Notwithstanding the size of the deductions claimed, on the hearing of the petition, the debtor made no attempt to develop, in terms of specific evidence, the basis upon which he proposed to challenge the assessments. The debtor was content to allow the matter to rest merely in the assertions made by his accountants on his behalf in the form of the notices of objections lodged.

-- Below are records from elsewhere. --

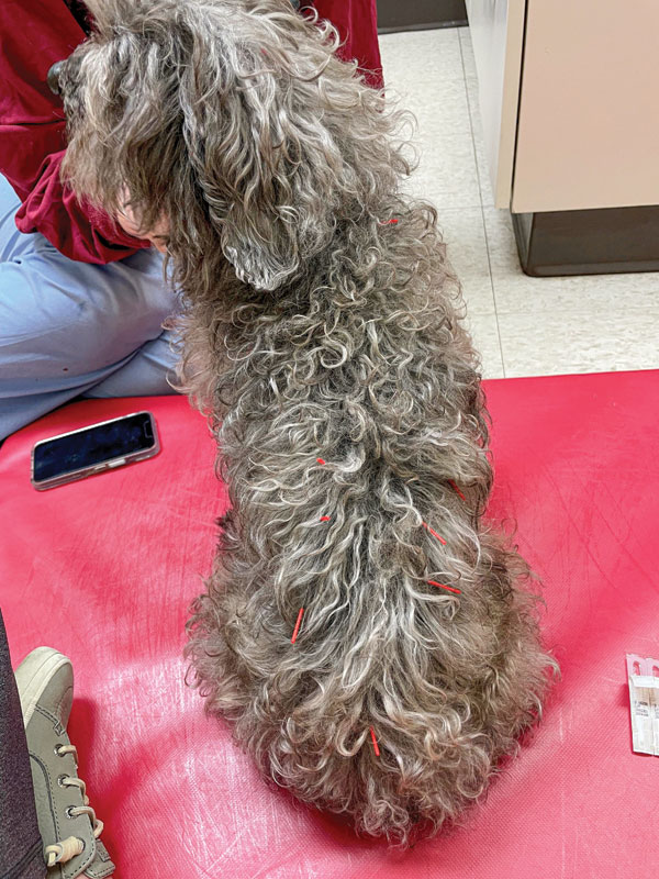 Hind limb problems can result in tension in the neck and shoulders. Here, Bindo receives dry needling along the caudal back and hips for secondary myofascial strain. Photo courtesy Dr. Adrianna M. Sage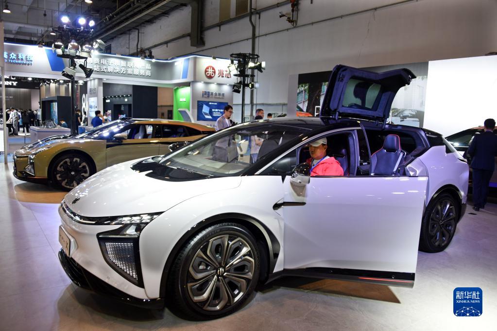 5月17日,參觀(guān)者在展會(huì )上了解一款具備“智慧出行”功能的汽車(chē)。
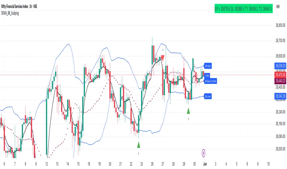 Just opposite for selling. 5-EMA low should be above 5-EMA and closing should be inside BB (lesser than BB higher level). That's a Sell signal. SL: high of the candle, T: middle and lower BB.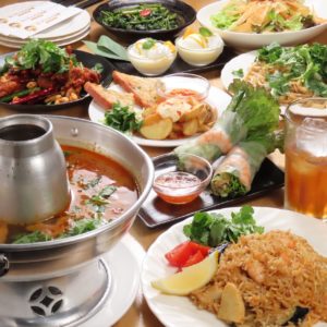 生春巻き、唐揚げ、鶏肉のガパオライス、

As a consequence, it is no easy task to discern the taxpayer's prospects upon the hearing of his objections by the Board of Review.

For instance, in the case of the film scheme, apart from denying the application of any of the relevant statutory tax avoidance provisions, reliance is placed by the debtor upon the following assertions in his notice of objection in respect of the year ended 30 June 1980:

``1. The taxable income of $140,531 as assessed should be reduced to NIL as returned by the allowance of a $140,000 deduction for a capital investment in the copyright of the film `Progress for Two Nations'.

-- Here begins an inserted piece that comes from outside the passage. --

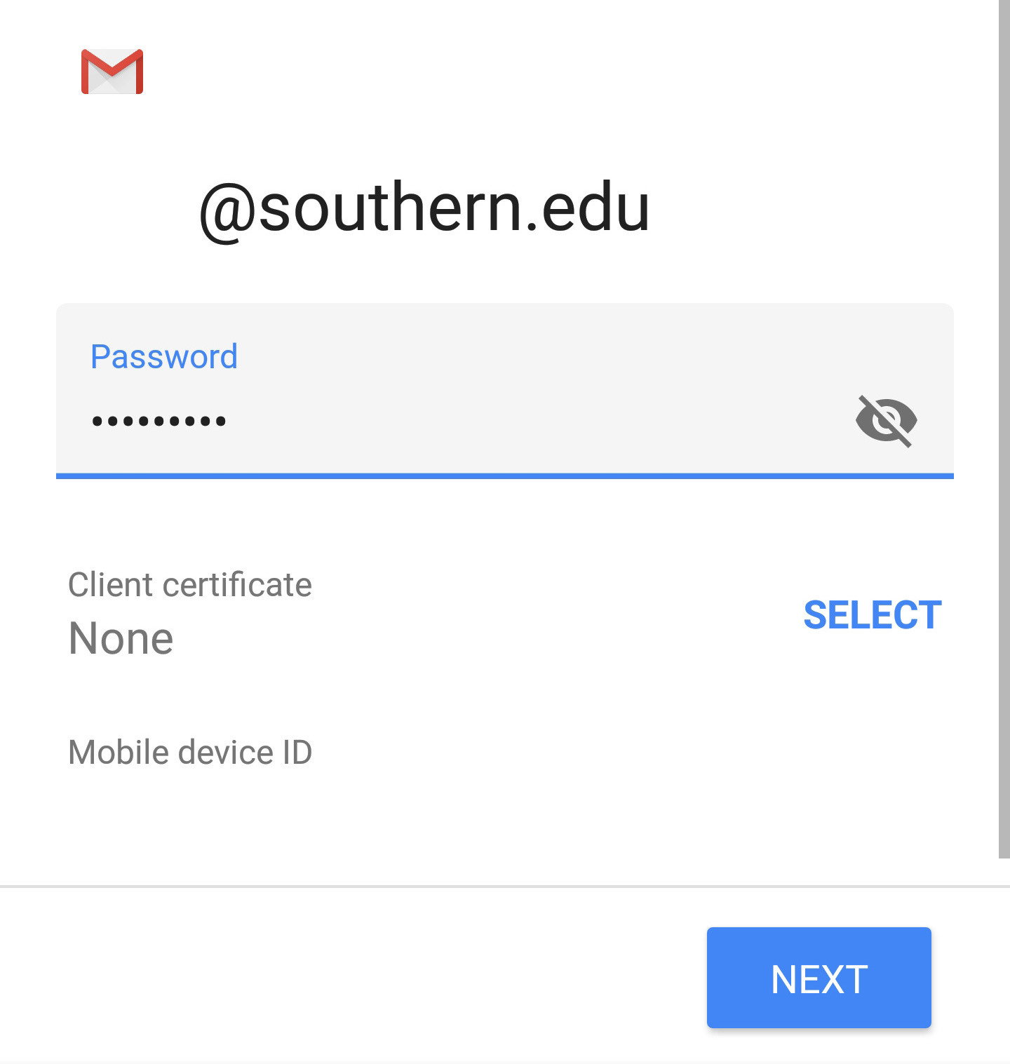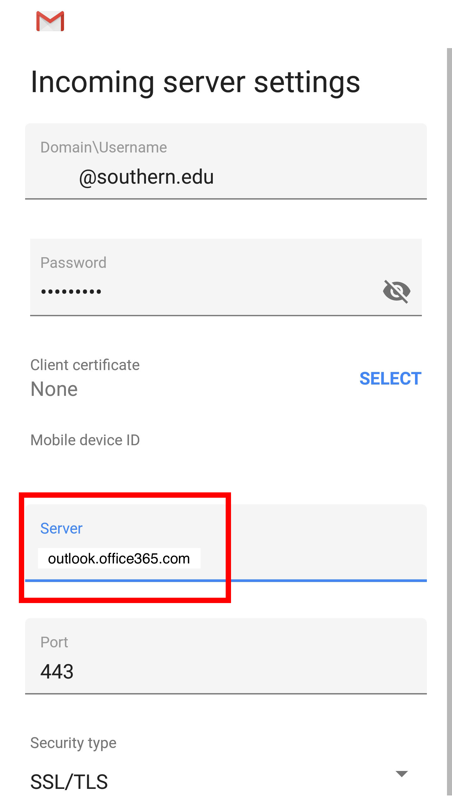 • After a brief loading screen, you may be prompted to accept server requirements from southern in Gmail; accept these and you may now use your Southern email account with Gmail on Android.

2. The said deduction of $140,000 for the part investment in the copyright of the film `Progress for Two Nations' is an allowable deduction pursuant to the provisions of sec. 124M of the Australian Income Tax Assessment Act 1936, and in particular to Subdivision 1 of the said section.

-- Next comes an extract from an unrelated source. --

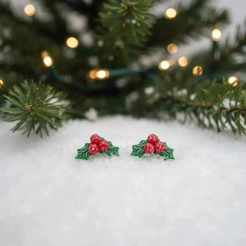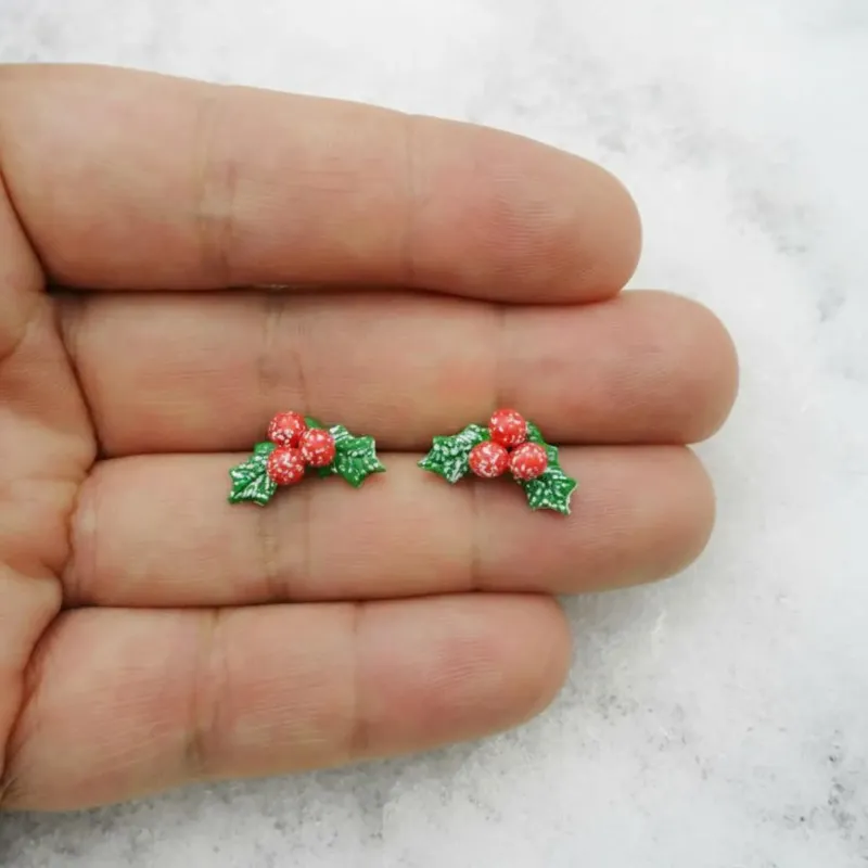 Christmas snowy Holly stud earrings, lovingly handmade with Polymer Clay and Stainless Steel.

3. The stated copyright to the picture `Progress for Two Nations' is a unit of industrial property as defined by sec. 124UA of the Australian Income Tax Assessment Act 1936.

4. The said effective life in relation to the Australian picture `Progress for Two Nations' is specifically defined in sec. 124UA(1) of the Australian Income Tax Assessment Act 1936.

5. The said effective life of the Australian picture `Progress for Two Nations' is taken pursuant to provisions of sec. 124UA of the Australian Income Tax Assessment Act 1936 as two years.

6. The stated Australian picture `Progress for Two Nations' is an Australian film as defined in sec. 124K of the Australian Income Tax Assessment Act 1936-1979 as amended, and is so defined by the Minister for Home Affairs and certificated.

7. For the year ended 30 June 1979 I did incur a liability in the copyright of the picture `Progress for Two Nations' of $280,000.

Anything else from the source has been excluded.